After a fire takes out the building where he and other people were being turned into mutants by torture, Wilson retreats to the streets and finds himself alone and fighting back, looking for the elusive Ajax in costumes he makes himself – trying to find a balance that fits. It is an unlikely ally, an old blind woman, Blind Al, portrayed with foul-mouthed, IKEA loving, matter-of-fact nature by stage, TV and film icon Leslie Uggams (Roots, Hallelujah Baby!) who become roommates. She becomes the one to suggest Wilson make his costume blood red.

This is truly a feast for the eyes of any action film viewer. Director Tim Miller (an Academy Award nominee for the animated short film Gopher Broke) makes his directing debut big-time but he is very candid about how Deadpool could have been better in one aspect:

“It feels like a small movie to me, and I feel like I could have done a much better job of getting us out there and adding some scope. I don’t think I did a good job with establishing shots and scope and making it feel like a bigger world. It feels like a small indie movie, and some of that works well, but some of it I think I could have done a better job of making this feel like a world a little more.” (Collider.com)

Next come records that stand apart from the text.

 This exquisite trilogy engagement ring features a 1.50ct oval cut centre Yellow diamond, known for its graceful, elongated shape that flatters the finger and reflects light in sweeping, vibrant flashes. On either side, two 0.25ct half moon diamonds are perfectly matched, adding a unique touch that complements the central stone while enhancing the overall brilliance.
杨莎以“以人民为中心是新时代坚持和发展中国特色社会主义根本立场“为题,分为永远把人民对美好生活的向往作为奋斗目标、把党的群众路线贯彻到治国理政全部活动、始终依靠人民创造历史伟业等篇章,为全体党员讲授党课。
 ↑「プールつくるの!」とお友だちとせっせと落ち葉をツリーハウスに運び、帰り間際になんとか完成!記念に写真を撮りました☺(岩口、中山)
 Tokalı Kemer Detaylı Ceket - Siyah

Miller has a point. But since this is only an off-shoot of The X-Men franchise, I can see how he wanted to develop the world a bit more. It’s only more than glossed that the film is set in The X-Men universe where we deal with mutants but the fact that only two X-Men are helping Deadpool, Colossus, a pure CGI character voiced by Stefan Kapicic (24, The Event), a last minute replacement for Andre Tricoteux in the role. As for the original Colossus in the three X-Men films, Daniel Cudmore, he was approached by Miller but turned down the role. The little controversy that followed by Cudmore on Twitter was curious, but not entirely unexpected:

Was Cudmore snubbed from the film? Who really knows? But Tim Miller had this to say about returning to the Colossus we had seen in previous X-Men movies:

“We were never going to be able to keep Colossus as a secret. He was in the script that leaked and all that. I wasn’t actually sure, until we were standing there shooting it, that at some point Fox was going to say, ‘Hold on a second; we can’t put Colossus from our treasured X-Men franchise in this movie to be made fun of!’ But they did, and not only that, but also they let me change the look of him. As a fanboy I’ve always been like, ‘That dude with the shiny skin is not fucking Colossus.’ He should be this monstrous guy, and they actually let me make him seven-and-a-half feet tall.” (Empireonline.com)

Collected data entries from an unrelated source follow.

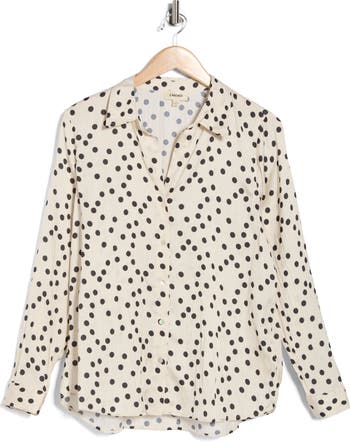 Mother-of-pearl shell buttons add a luxe finish to a button-front top that looks polished tucked or untucked.
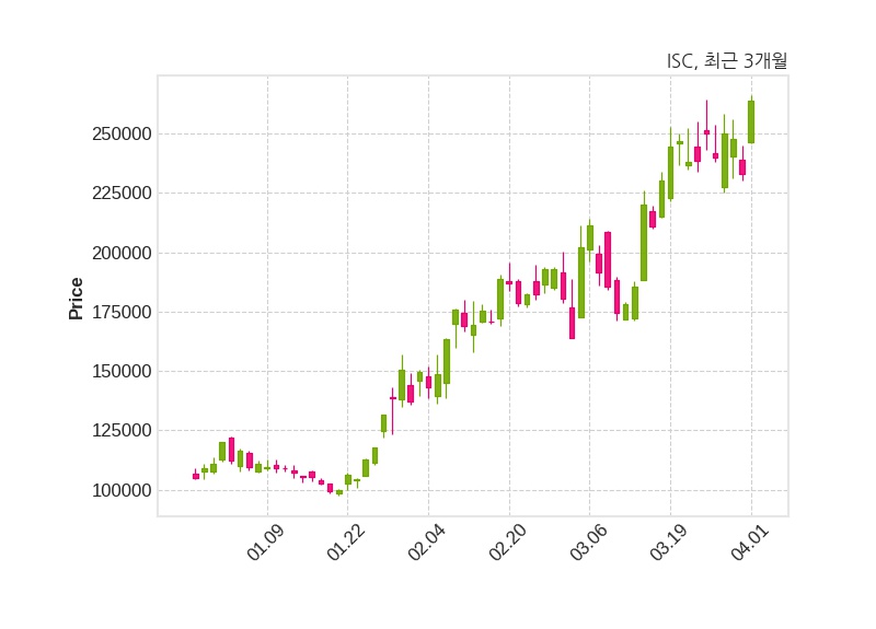 ISC은 특별관계자 국민연금공단의 지분율이 4.1%에서 6.16%로 변동했다고 01일 공시했다. 한편, ISC은 장 마감 이후 해당 기업공시를 발표했으며 오늘 종가가 264,000원, 거래량은 247,902주로, 직전 거래일 대비 31,000원(+13.3%) 상승했다.
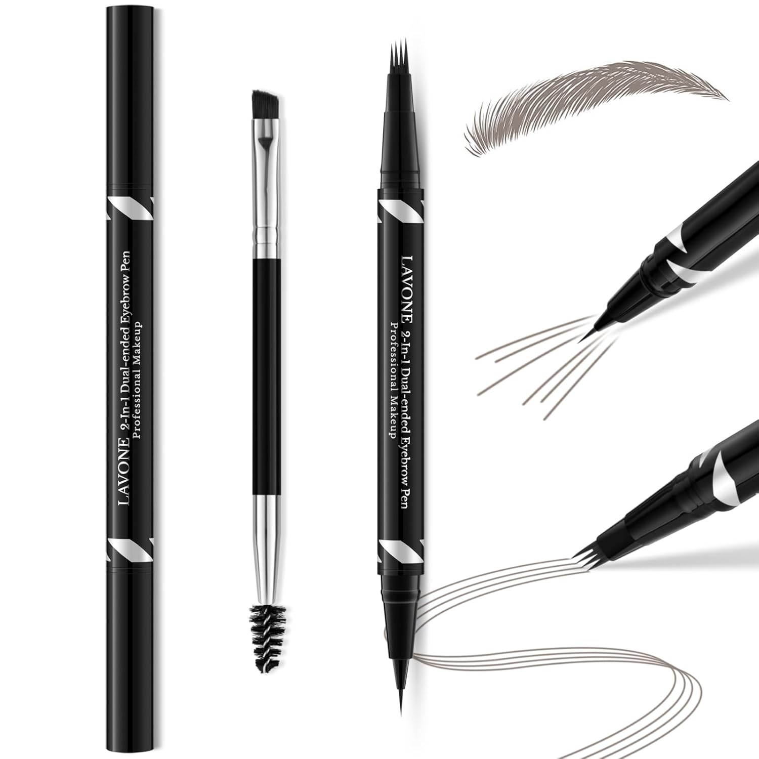 - 【Brow Pen】: LAVONE innovative 2-in-1 dual-ended eyebrow pen design with 4 tip microblading eyebrow pencil fill and blend color into eyebrows,draw 3D natural real hair, and ultra-precise pen makes realistic hair-like strokes & fill in sparse areas. It glides on easily and smooth to build natural looking, flawless, symmetrical and fuller brows with up to 24HR wear for brows. It’s long-lasting, smudge-proof, and waterproof.
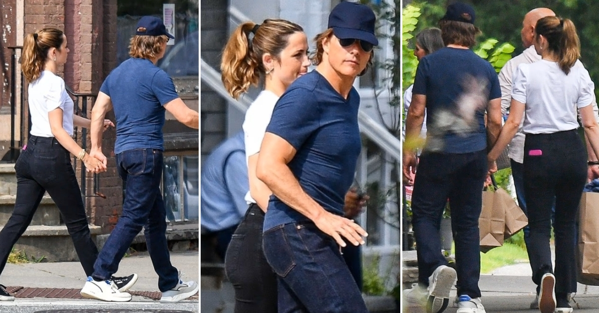 63-годишниот актер и 37-годишната актерка беа фотографирани додека рака за рака шетаа во Вермонт. Двајцата беа облечени во лежерни комбинации со фармерки, а Том на главата носеше капче.

As for the other character helping, Negasonic Teenage Warhead, played by Brianna Hildebrand (First Girl I Loved, Annie Undocumented), we’re given a goth-like girl with a flippant and sarcastic attitude which works well against Colossus’s straight man sensibilities of graciousness and honor. NTW becomes Deadpool’s comic foil as his ascerbic wit is matched tit for tat.

And speaking of tits, it was a laugh out loud moment as the bad girl, Christina, aka Angel Dust, played with style and strong stoic grace by MMA fighter Gina Carrano, had a wardrobe malfunction while fighting Colossus. She looked and acted embarassed as Colossus pointed out (and turned his head away) while she gently put her breast back in her top while saying “Aww… that’s SO sweet!” before resuming to kick his ass. Angel Dust, who possesses superior strength as Colossus, had wonderful moments of pure and unadulterated ass-whooping.

The minutiae of moments that are visually stunning to this reviewer are the highway battle scenes and gunplay, leading up to Deadpool finding Ajax at a penultimate climax that brings down an old supercarrier docked at a port. With Vanessa taken as a hostage for leverage, Ajax and Deadpool have it out. NTW and Colossus take out the bad guys while Deadpool rescues his love and giving us an unexpected ending to Ajax that is quite logical and true to Deadpool.